Zwar versammelten sich die Abiturienten der Wirtschaftsschule am Oswaldsgarten (WSO) und der Theodor-Litt-Schule (TLS) bei ihrer Abiturfeier erneut im Freien. Doch nicht wie im vergangenen Jahr auf dem Schulhof der TLS an der Ringallee. Diesmal waren sie alle vor dem Restaurant Rustico zusammengekommen, der alten Turnhalle der TSF Heuchelheim in der Wilhelmstraße. Festlich gekleidet sollten Klassenfotos im Aufgangsportalbereich als Erinnerung in späteren Jahren geschossen werden. Anschließend ging es in den Saal, wo bereits eine Schulband aufspielte. Dass es ein gemeinsamer Festakt zur Verabschiedung der Abiturienten der beiden beruflichen Gymnasien WSO und TLS war, hat bereits Tradition. Luke Grasser und Tim Riplinger moderierten den Abend.

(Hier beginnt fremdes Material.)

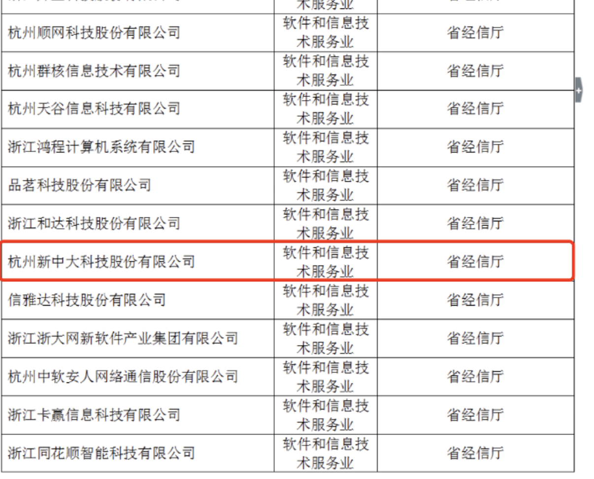 近日,浙江省发改委公示了“2023年浙江省服务业领军企业“名单,根据浙江省软件和信息技术服务企业在业务规模、核心技术、商业模式、创新产品和服务方式在国内同行业中处于领先水平的评审要求,新中大成功入选由浙江省经信厅组织的软件和信息技术服务行业领跑企业名单。

Miteinander hat sich verändert

»Nicht allen ist es gelungen, das Abitur erfolgreich zu bestehen«, verkündete Abteilungsleiterin Doris Schlosser. Wenn man ein großes Ziel vor Augen habe, müsse man sich auch entsprechend anstrengen. »Konzentriert Euch auf das Wesentliche! Wenn Ihr zu weit nach vorne schaut, seht Ihr nicht, was direkt vor Eurer Nase liegt.« Wenn man gestolpert sei, müsse man daraus lernen.

In den drei Oberstufenjahren habe sich das soziale Miteinander stark verändert, berichtete sie. Während der Pandemie die Kontakte herunterzufahren, doch dabei soziale Kälte zu vermeiden, sei ein schwierig zu meisternder Spagat gewesen. In dieser Zeit habe es eine Digitalisierungswelle bei Schülern wie Lehrkräften gegeben. Doch habe sich bei all dem Digitalunterricht gezeigt, dass die schönsten Unterrichtsstunden immer noch im Klassenraum stattfinden. Schlosser streifte die Nutzung der sozialen Medien, durch die über Corona oder die Ukraine die »verschiedensten Meinungen« im Netz grassierten. Sie forderte dazu auf, stets misstrauisch zu sein und sich am Ende eine eigene Meinung zu bilden. In einer globalen Welt lebten wir alle. »Diese Welt lädt Euch ein, sie kennenzulernen. Geht es an!« Nicht nur auf ausgetretenen Pfaden solle man durchs Leben gehen.

Auch seinen Sohn als Abiturienten konnte der an der TLS für das Berufliche Gymnasium zuständige Andreas Brüll begrüßen. »Wenn Sie heute Ihre Abiturzeugnisse in Empfang nehmen, bin ich auch ein wenig stolz auf diesen besonders erfolgreichen Jahrgang der TLS.« Von 39 Abiturienten haben 15 eine 1 vor dem Komma, vier gar eine 1,0. Die Durchschnittsnote von 2,18 sei die bisher beste in den vergangenen Jahren gewesen. Als mögliche Gründe dafür benannte er Corona, Homeschooling, fehlende Partys und damit auch fehlende Ablenkungen. Ebenso wie den vor drei Jahren wieder belebten Schwerpunkt Bautechnik/Architektur. Danach griff Brüll zur Gitarre und sang »Forever Young« von Bob Dylan.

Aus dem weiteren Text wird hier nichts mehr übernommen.